The number of corporate bankruptcies dropped 20.2 percent in May from a year earlier to 1,182, down for the 17th straight month, a corporate credit research agency said Monday.
Combined debts left by failed companies dropped 32.9 percent to 537.22 billion yen, falling below the 1 trillion yen line for the second straight month, Teikoku Databank said in its monthly report covering failures with debts of 10 million yen or more.
The decline was attributed mainly to “a reduction in dishonored bills resulting from contractions in credit among companies as well as the effect of public financial assistance being extended to small and medium-size businesses,” Teikoku Databank said.
It said the recovery in leading firms — except for builders, distributors and real estate agents — has started to boost capital investment in the private sector, including small to midsize companies.
Teikoku Databank said the year-on-year fall of 17 straight months is the third-longest decline since the end of World War II.
But the number of failures in which firms were forced to discontinue business under court-supervised proceedings came to 470, accounting for 39.8 percent of all May bankruptcies, which set a record for the third straight month, it added.

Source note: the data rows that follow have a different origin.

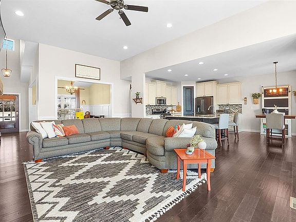 **Showings start Friday, March 7**. This craftsman style atrium ranch on almost 1/2 acre fenced lot will impress as soon as you walk inside! Great room features 12 ft ceilings plus floor to ceiling stone gas fireplace & opens right into the kitchen which has breakfast bar, walk in pantry, granite countertops, new dishwasher, and breakfast room which leads out to the covered deck (stairs to yard on side deck). The main floor has 8 ft panel doors plus 9ft ceilings throughout. Primary suite impresses with coffered ceiling, bay window and ensuite with separate shower/tub. If that's not enough, how about the grand staircase which leads to the finished walkout basement with 9ft ceilings, wood designed wet bar, family room with electric fireplace, theatre room, 4th bedroom, another full bath, plus storage area. You'll love the fire pit area in the backyard! This location can't be beat, close to both Highway K and Mid Rivers Mall Drive, and a quick golf cart ride into Cottleville. Agent owned. Additional Rooms: Mud Room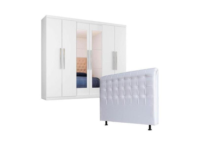 Guarda Roupa Casal 7000 E Cabeceira Ana 195 Cm Branco - Araplac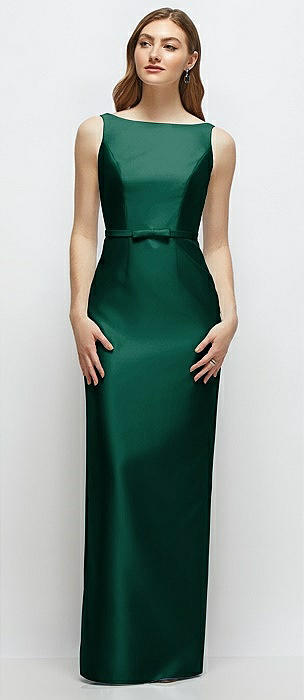Bateau Neck Satin Column Dress with Bow-Trimmed Skinny Belt in hunter green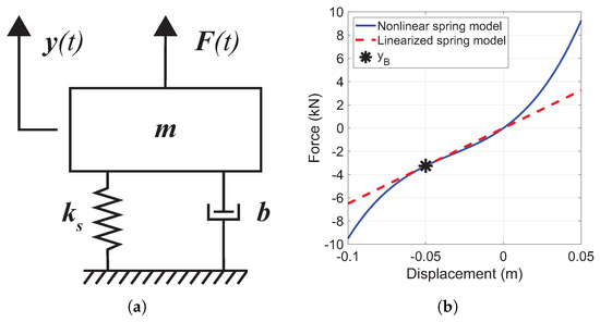Illustration of suspension model used in simulation and the constitutive relationship of nonlinear spring. (a) A simple primary suspension model used for simulation with one input and one output response . (b) Spring force diagram showing the cubic nonlinear spring characteristic and the linearized spring model at the binding point .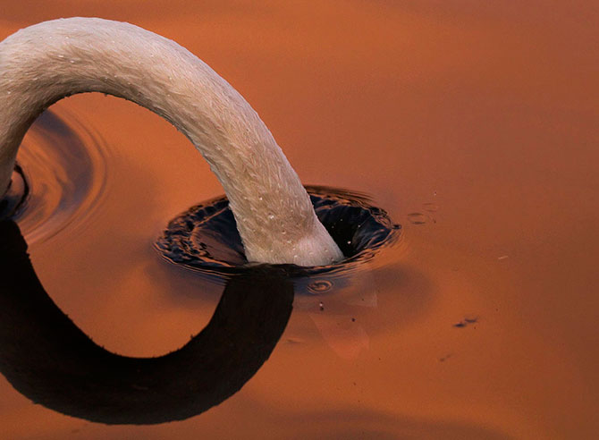 14. Лебедь, погрузивший голову в воду.

Compared with the figure in April, there were seven fewer companies that went bankrupt in May.
By industry, failures in the construction industry showed a significant fall of 20.9 percent to 374 cases, followed by those in the wholesale industry, which dropped 22.7 percent to 187 cases.
In May, 38 companies filed for bankruptcy protection under the Civil Rehabilitation Law. It is the first time the figure has dropped below 40 since the law took effect in April 2000.
Failures of companies that had been in business for 30 years or longer numbered 318, accounting for 26.9 percent of the total.